To mark the threshold between Central Park’s boulder-filled terrain and Midtown Manhattan’s built environment, Sam Moyer has created a massive three-part sculpture, with a title that pays homage to Public Art Fund founder, Doris C. Freedman (1928-1981). Moyer’s hybrid sculpture unites imported stone with rock indigenous to the New York region. The artist inlaid marble fragments into three double-sided vertical concrete slabs and framed them with contrasting rough-hewn bluestone monoliths. Each stone in Moyer’s mosaic compositions takes on an even more striking hue against the others and the locally-quarried rock, an apt metaphor that encourages us to consider the diverse character of our city and our interconnected lives within it. Their final arrangement demonstrates her impressive skill in composing sculptural forms, with its “doors” pivoted ajar to evoke the dynamism of the bustling city.
This exhibition is presented by Public Art Fund.
Various Artists, RE:GROWTH, A Celebration of Art, Riverside Park, and the New York Spirit
June 5, 2021 to September 10, 2021
Riverside Park, Manhattan
Map/Directions (in Google Maps)
Please note: This is a past exhibit that is no longer installed in the park.
Curated by Karin Bravin, this outdoor exhibition includes work by over 20 artists in 13 site specific installations throughout Riverside Park and celebrates the resiliency and resolve of all New Yorkers. Including both physical installations and augmented reality displays, it gives people a safe, entertaining celebration to enjoy as the city slowly emerges from the pandemic. RE:GROWTH will feature unique works of art that use color and unexpected materials to explore the concept of re-growth - literal, metaphorical, poetic, and philosophical. The projects are on view throughout Riverside Park, from 66th to 145th Streets.
The exhibition includes work by Vanessa Albury, Blanka Amezkua, Lee Boroson, Dahlia Elsayed, Mark Joshua Epstein, Rico Gatson, DeWitt Godfrey, Joshua Goode, Valerie Hegarty, Wennie Huang, Beth Krebs, Sadie Laska, Niki Lederer, Wendy Letven, LoVid, Mary Mattingly, Joiri Minaya, Sui Park, Shuli Sade, David Shaw, Jean Shin, Glen Wilson, Letha Wilson, and Woolpunk.
This exhibition is presented by the Riverside Park Conservancy.
Luciano Garbati, Medusa With The Head of Perseus
October 13, 2020 to August 31, 2021
Collect Pond Park, Manhattan
Map/Directions (in Google Maps)
Please note: This is a past exhibit that is no longer installed in the park.

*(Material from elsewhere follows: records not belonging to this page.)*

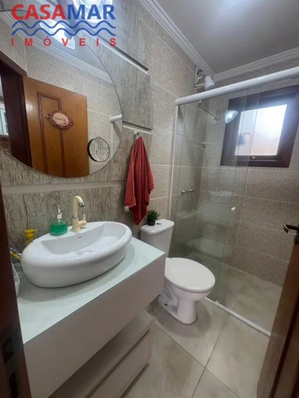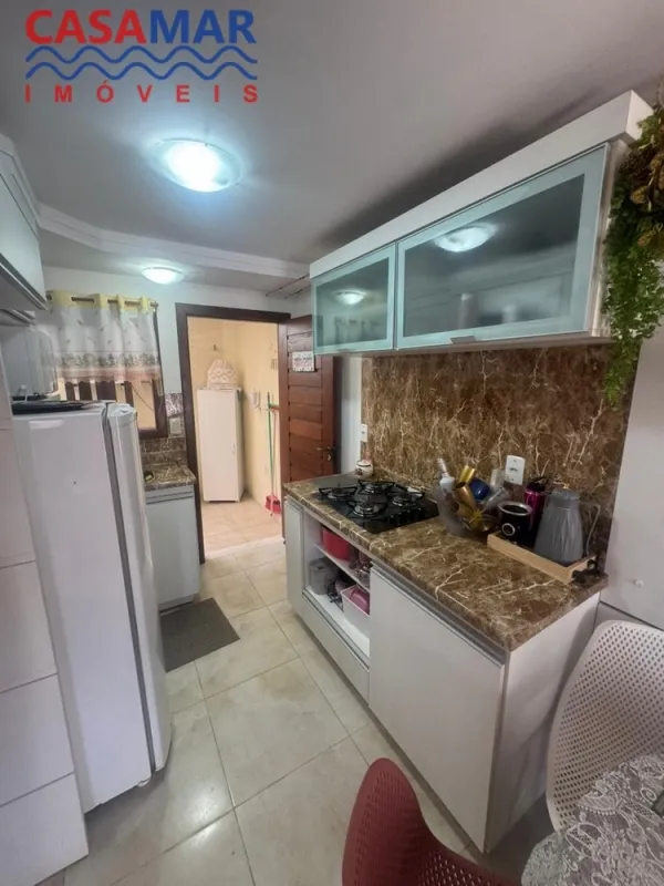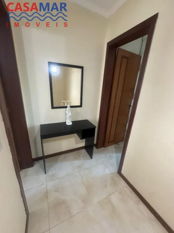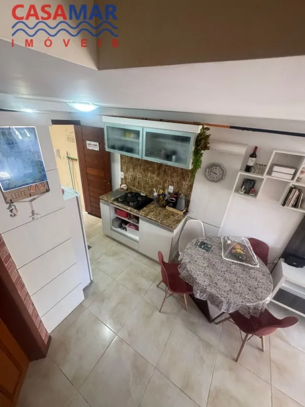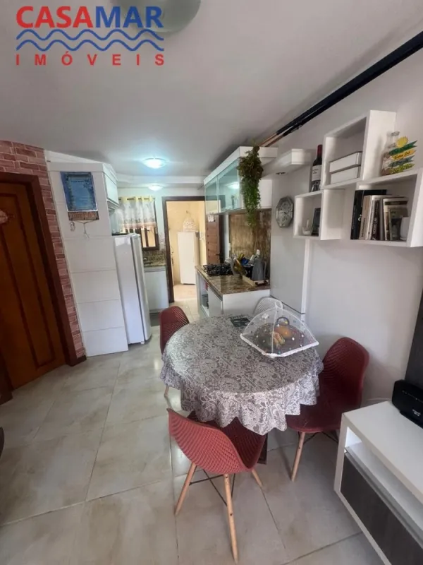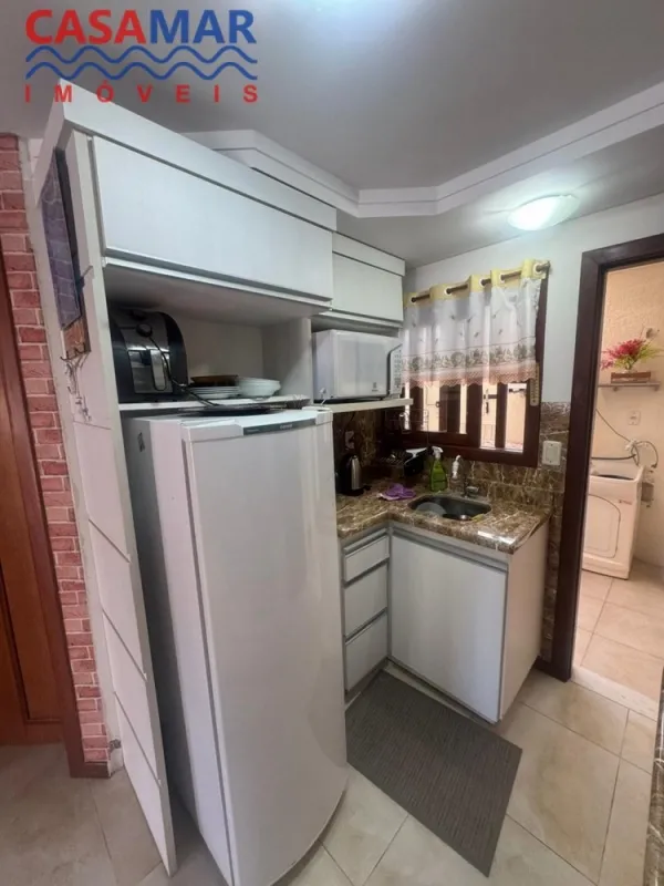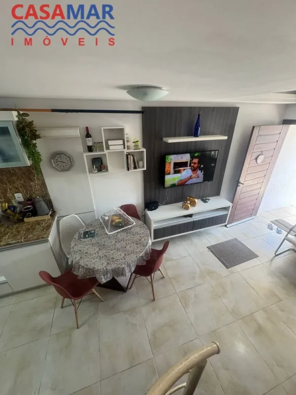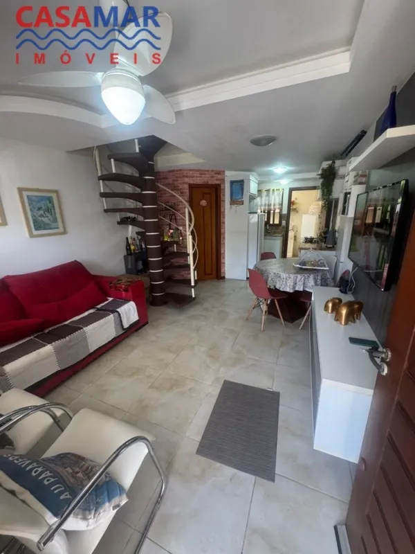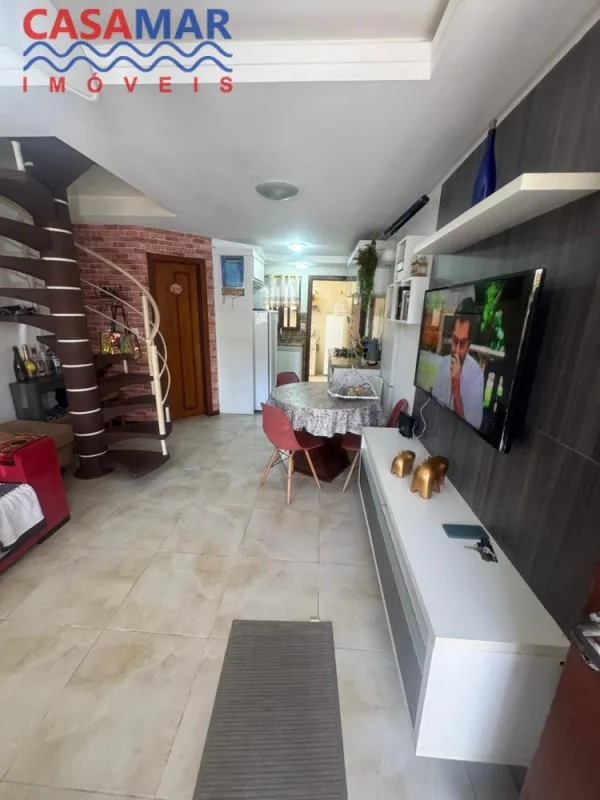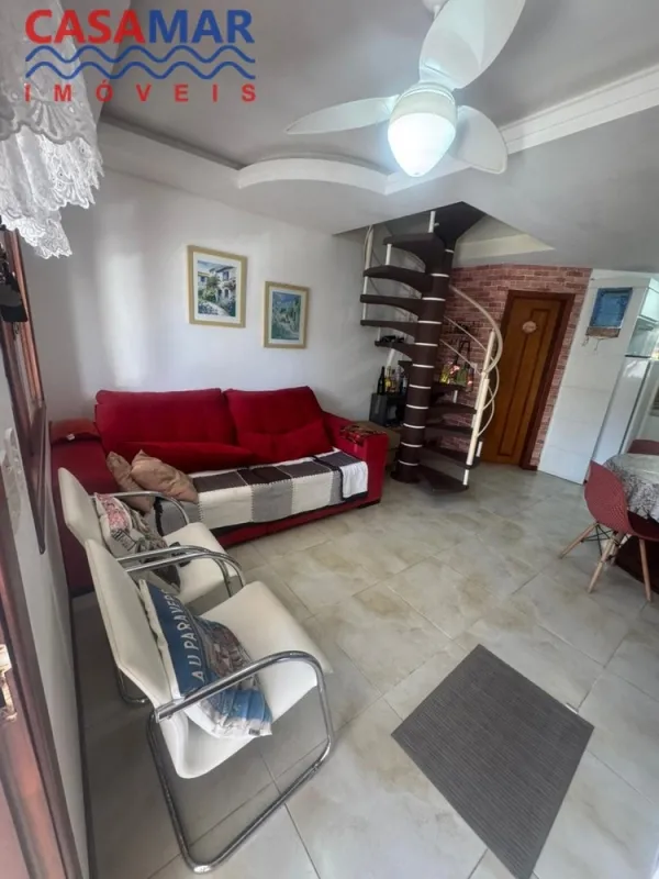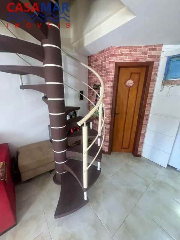Duplex no centro mobiliado composto por 2 suítes, lavabo, sala estar e jantar, cozinha, área de serviço com churrasqueira, vaga para 1 carro. Perto do mar e centro.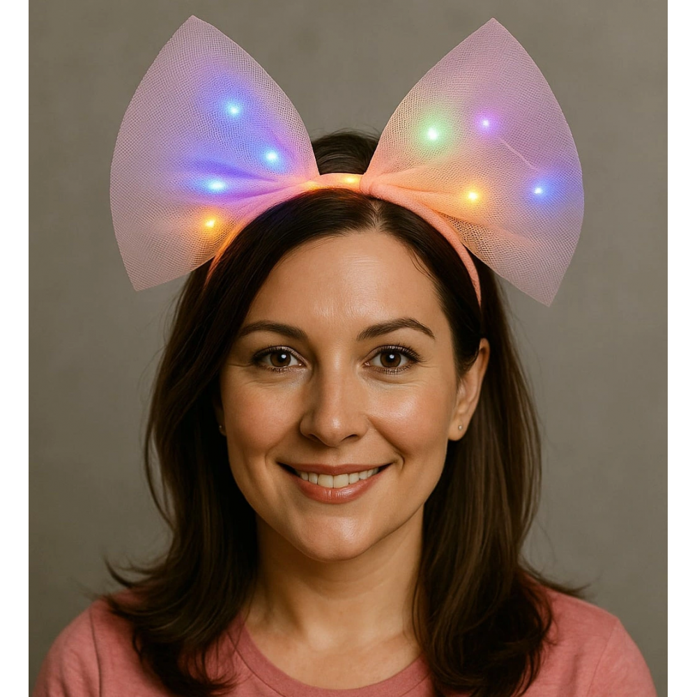 Bu güzel tül parti tacı, her partiye veya özel vesileye renk katmak için mükemmeldir. Tacın pembe fiyonk şekli ve rengarenk LED ışıkları onu göz alıcı bir aksesuar haline getirir. 25x25 cm boyutlarındadır ve çoğu yetişkin ve çocuğa uygundur.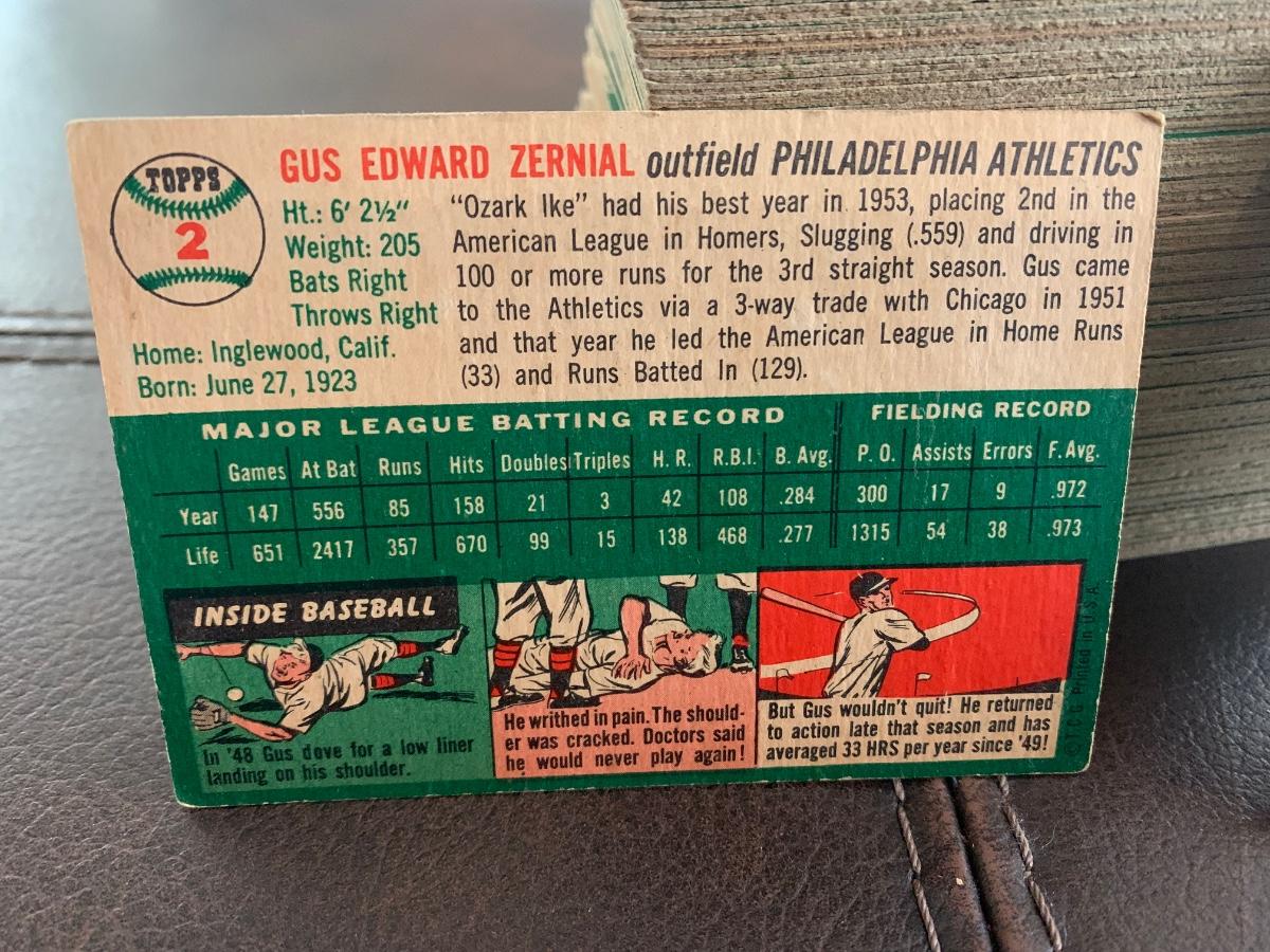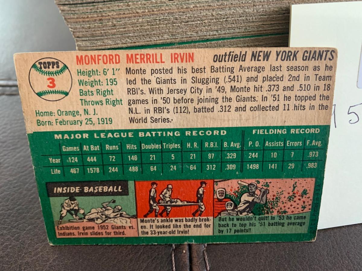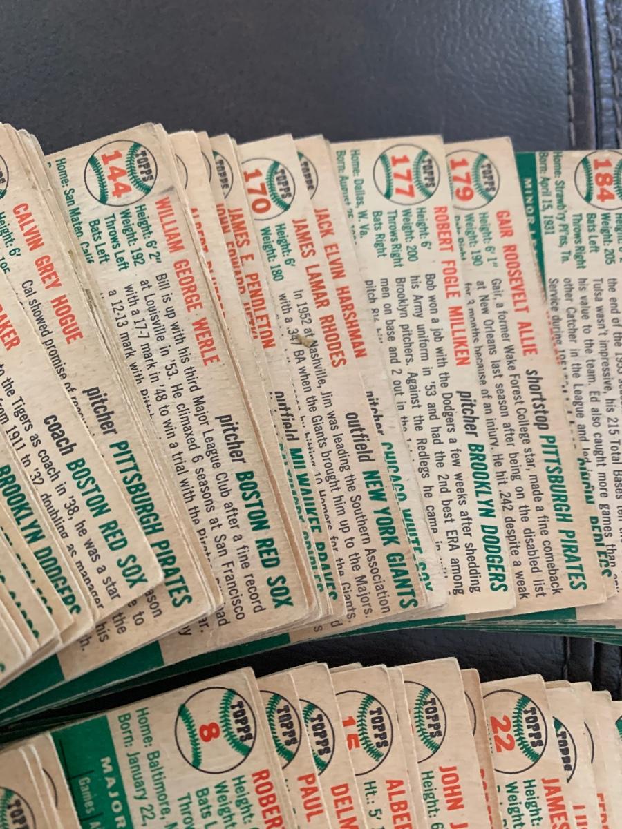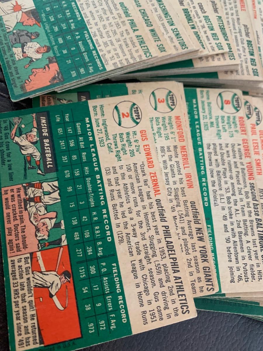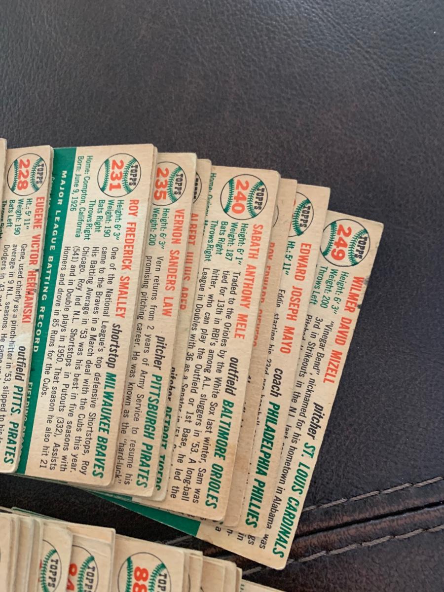 Nice near run of 1954 Topps but absent of the “key cards”. All are in good but definitely not mint condition.

Medusa With The Head of Perseus is a seven-foot bronze sculpture that inverts the narrative of Medusa, portraying her in a moment of somberly empowered self-defense. In Ovid’s Metamorphosis, Medusa was a maiden in the temple of Athena, who was stalked and raped by Poseidon. Athena, in a rage, banishes and curses Medusa with a monstrous head of snakes and a gaze which turns men to stone. Medusa is herself blamed and punished for the crime of which she was the victim; she is cast away as a monster and then with the cruel assistance of Athena and Poseidon, eventually is hunted-down and beheaded by the epic hero Perseus, who displays her head as a trophy on his shield. Garbati’s sculpture speaks directly to the 16th Century Florentine bronze masterpiece Perseus with the Head of Medusa by Benvenuto Cellini (1545-1554). Through this work, Garbati asks “how can a triumph be possible if you are defeating a victim?”
This exhibition is presented by MWTH Project.